==== Available records

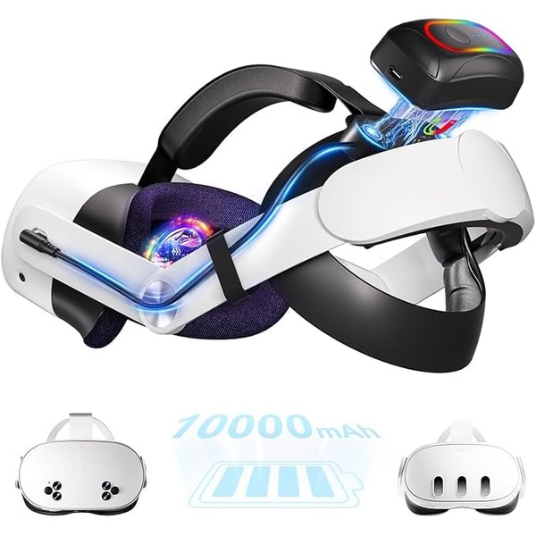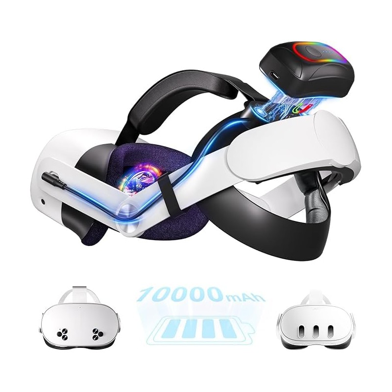 Experience seamless power and comfort with our magnetic battery head strap, compatible with Meta Quest 3/3S and Quest 2 via included adapter arms. Featuring a swappable 10000mAh magnetic battery, you can hot-swap power in seconds without removing the strap—just pop, snap, and play. With support for 18W fast charging, both the headset and battery charge in just 2.5 hours. The head strap adds 2 to 4 hours of additional playtime depending on usage, making it perfect for extended sessions. Soft memory foam cushions, a 360° fit dial, and a lightweight ergonomic structure reduce face pressure and enhance comfort. Vibrant RGB lights on the sides create an immersive atmosphere for your VR games. Whether you’re a Quest 3 owner looking for extended battery life, or a Quest 2 user seeking a modern upgrade, this strap offers the flexibility and innovation you need—all in one solution.
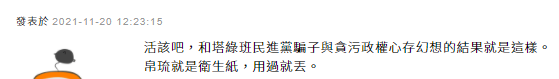 还有人称,“活该吧,和民进党骗子与贪污政权心存幻想的结果就是这样。帕劳就是卫生纸,用过就丢。”“这个国家(指帕劳)很奇怪,是只有台湾观光客可以宰吗?就没人要去,也不行?”
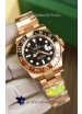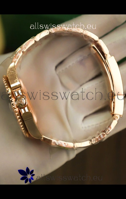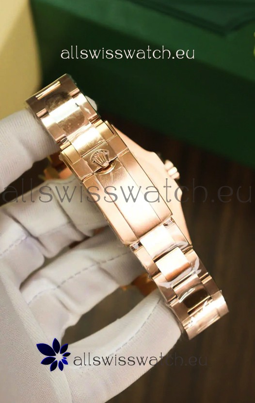 18K Rose Gold Plating on 916L Stainless Steel Strap linked with screws, the best bracelet manufacutred up to date for the GMT Series with Flip Lock Style Clasps complete with Rolex Markings and Engravings. 2MML Lug Spring Bars with rounded heads exactly like the Original GMT Watch Straps.
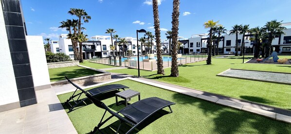 It has garden furniture, 15 m² terrace, washing machine, internet access (wifi), central heating, air conditioning, communal+children's swimming pool, 1 Television.
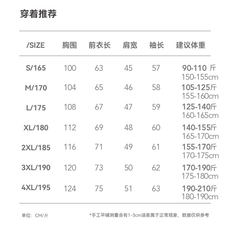 | 颜色 | 白色, 黑色 | 尺码 | S(90-110斤), M(110-125斤), L(125-140斤), XL(140-155斤), 2XL(155-170斤), 3XL(170-190斤), 4XL(190-210斤) |
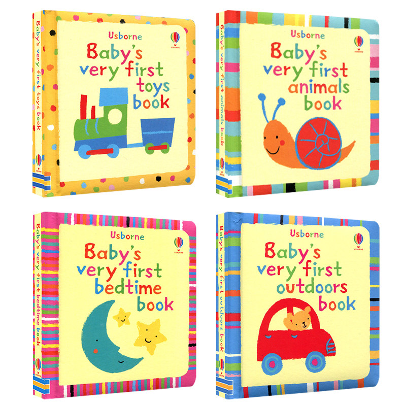[英国进口usborne baby's very first book幼儿启蒙精装绘本撕不烂翻翻书圆角设计4本套装动物 玩具 交通工具晚安系列2-6岁儿童书籍]
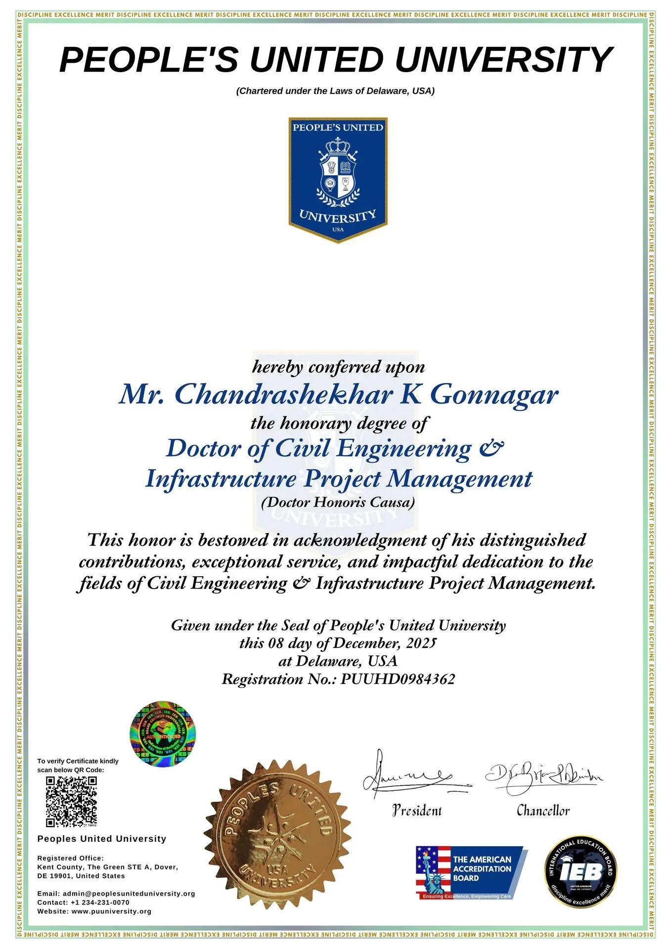 Honorary Doctor of Philosophy (PhD) in Civil Engineering & Infrastructure Project Management (Doctor Honoris Causa)

========

# [Exercise aim]
Copy each record exactly. Leave any images out of the copy.

# [Solution for this problem]
 Experience seamless power and comfort with our magnetic battery head strap, compatible with Meta Quest 3/3S and Quest 2 via included adapter arms. Featuring a swappable 10000mAh magnetic battery, you can hot-swap power in seconds without removing the strap—just pop, snap, and play. With support for 18W fast charging, both the headset and battery charge in just 2.5 hours. The head strap adds 2 to 4 hours of additional playtime depending on usage, making it perfect for extended sessions. Soft memory foam cushions, a 360° fit dial, and a lightweight ergonomic structure reduce face pressure and enhance comfort. Vibrant RGB lights on the sides create an immersive atmosphere for your VR games. Whether you’re a Quest 3 owner looking for extended battery life, or a Quest 2 user seeking a modern upgrade, this strap offers the flexibility and innovation you need—all in one solution.
 还有人称,“活该吧,和民进党骗子与贪污政权心存幻想的结果就是这样。帕劳就是卫生纸,用过就丢。”“这个国家(指帕劳)很奇怪,是只有台湾观光客可以宰吗?就没人要去,也不行?”
 18K Rose Gold Plating on 916L Stainless Steel Strap linked with screws, the best bracelet manufacutred up to date for the GMT Series with Flip Lock Style Clasps complete with Rolex Markings and Engravings. 2MML Lug Spring Bars with rounded heads exactly like the Original GMT Watch Straps.
 It has garden furniture, 15 m² terrace, washing machine, internet access (wifi), central heating, air conditioning, communal+children's swimming pool, 1 Television.
 | 颜色 | 白色, 黑色 | 尺码 | S(90-110斤), M(110-125斤), L(125-140斤), XL(140-155斤), 2XL(155-170斤), 3XL(170-190斤), 4XL(190-210斤) |
[英国进口usborne baby's very first book幼儿启蒙精装绘本撕不烂翻翻书圆角设计4本套装动物 玩具 交通工具晚安系列2-6岁儿童书籍]
 Honorary Doctor of Philosophy (PhD) in Civil Engineering & Infrastructure Project Management (Doctor Honoris Causa)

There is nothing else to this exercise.